The second disappointment is the obvious one: GPT-J is a raw language model, not an assistant. It completes text. It has not been instruction-tuned to be helpful, so it will happily wander off, contradict itself, or confidently invent. Prompt it like the autocomplete-from-the-internet that it is, give it a strong leading context, and it's far more useful than if you treat it like something it isn't.

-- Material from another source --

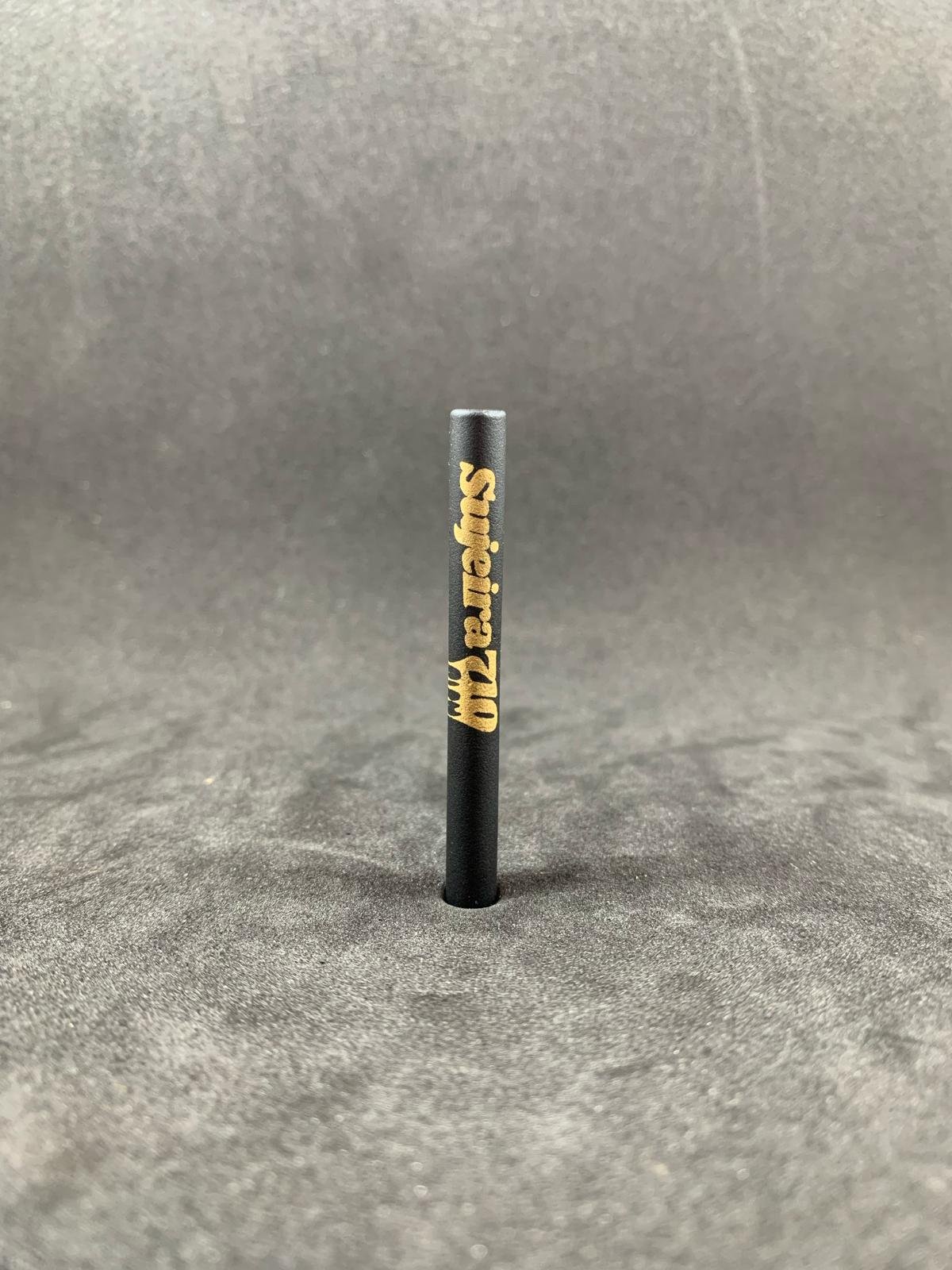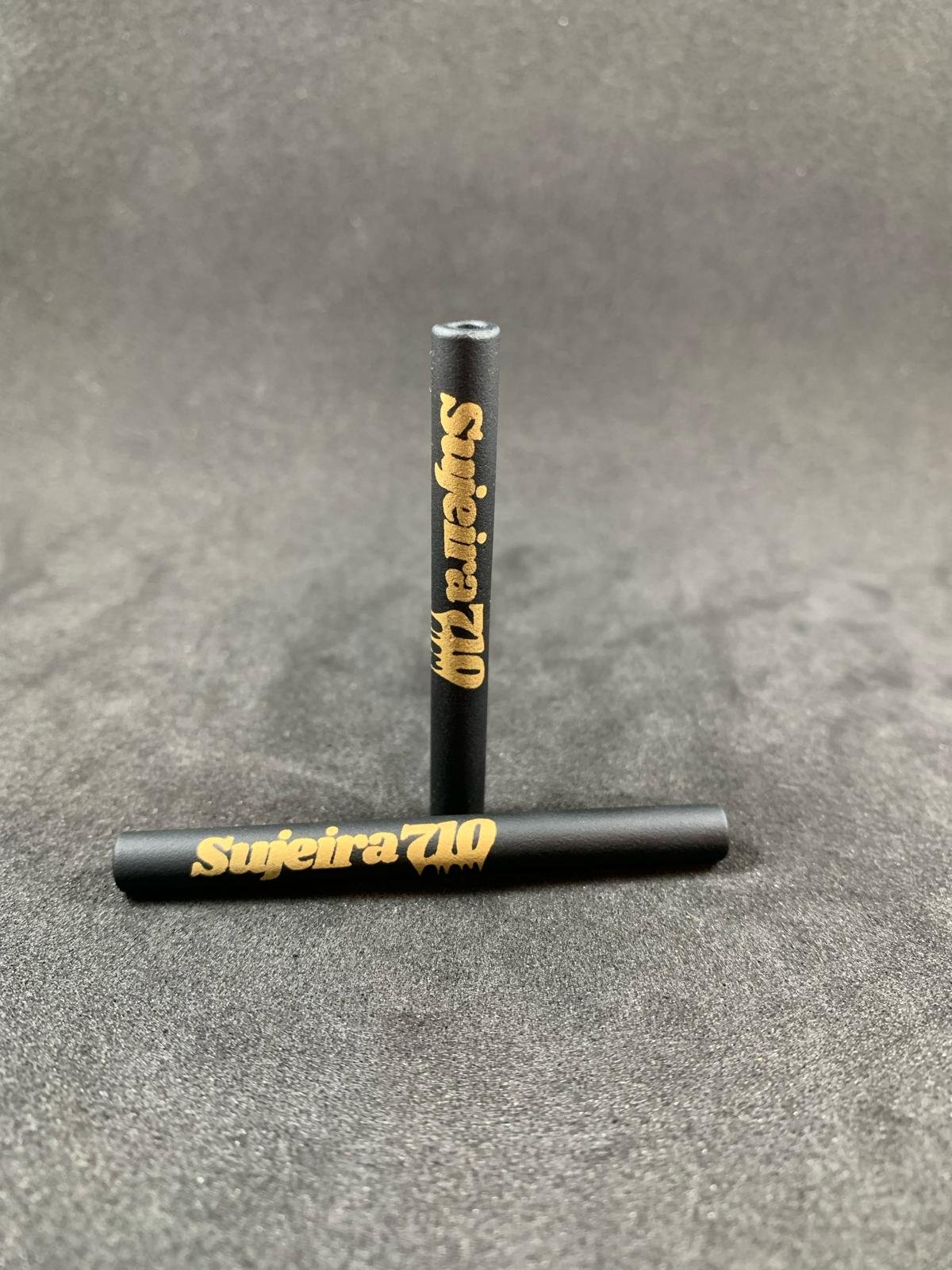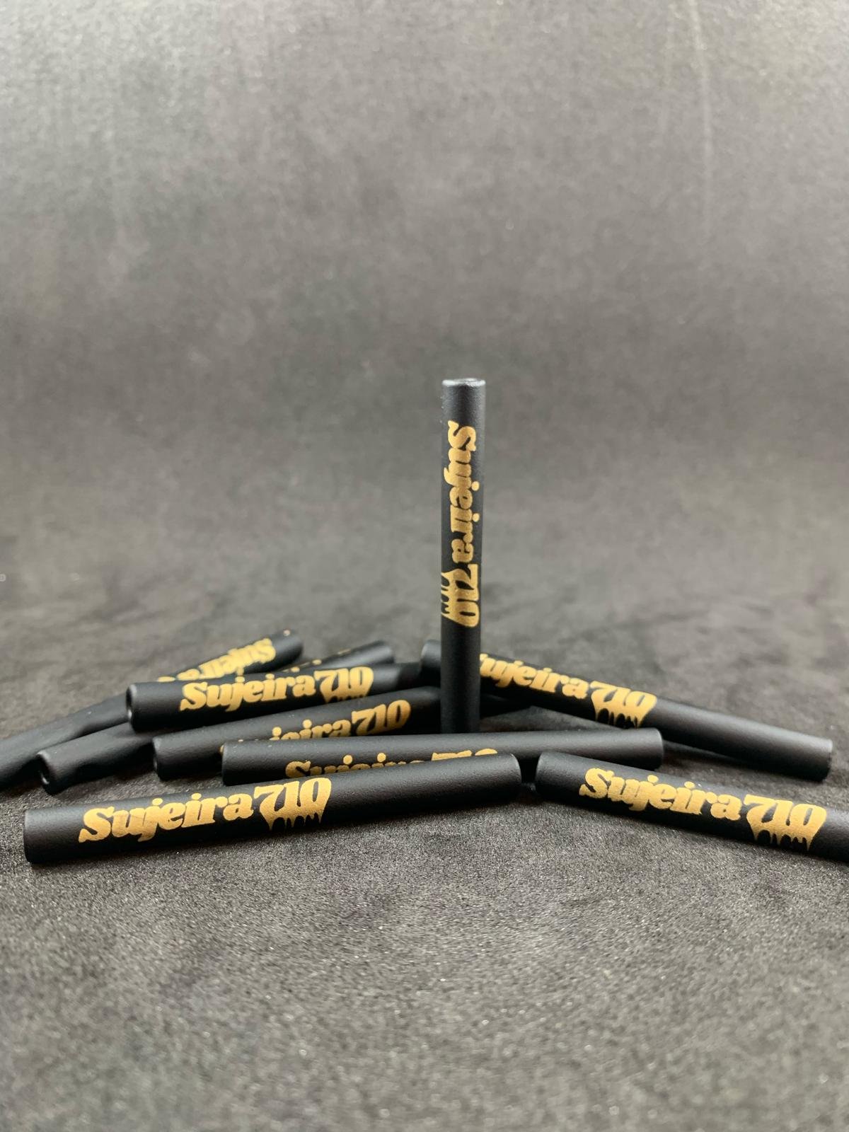 Piteira de vidro preta premium, com decalque em ouro 18K, que agrega sofisticação e exclusividade à peça.

Fitting it on a smaller card

If you're on 8 GB and feeling brave, the route is 8-bit weights via bitsandbytes, which quantises the parameters down further at some quality cost. It's fiddlier to get the CUDA bits lined up, and it's slower again, but it's the difference between "runs" and "doesn't" on a card that can't hold 12 GB of fp16. I got it limping on a smaller card this way as an experiment; I wouldn't want it as my daily driver.

Was it worth it?

For the novelty and the learning, absolutely. There's something quietly satisfying about a capable language model generating text on hardware sitting under your desk, no API key, no rate limit, no terms of service deciding what it'll answer. The cost is real, though, and worth being honest about: VRAM you have to plan around, speed you have to accept, and output you have to wrangle because it hasn't been tuned to behave.

I don't think local models replace the hosted ones for me yet, not for anything where I want answers rather than completions. But the gap is closing faster than I expected a year ago, and having the whole thing running on my own metal means when it does close, I'll already know the plumbing. That, more than any single generated paragraph, was the point of the exercise.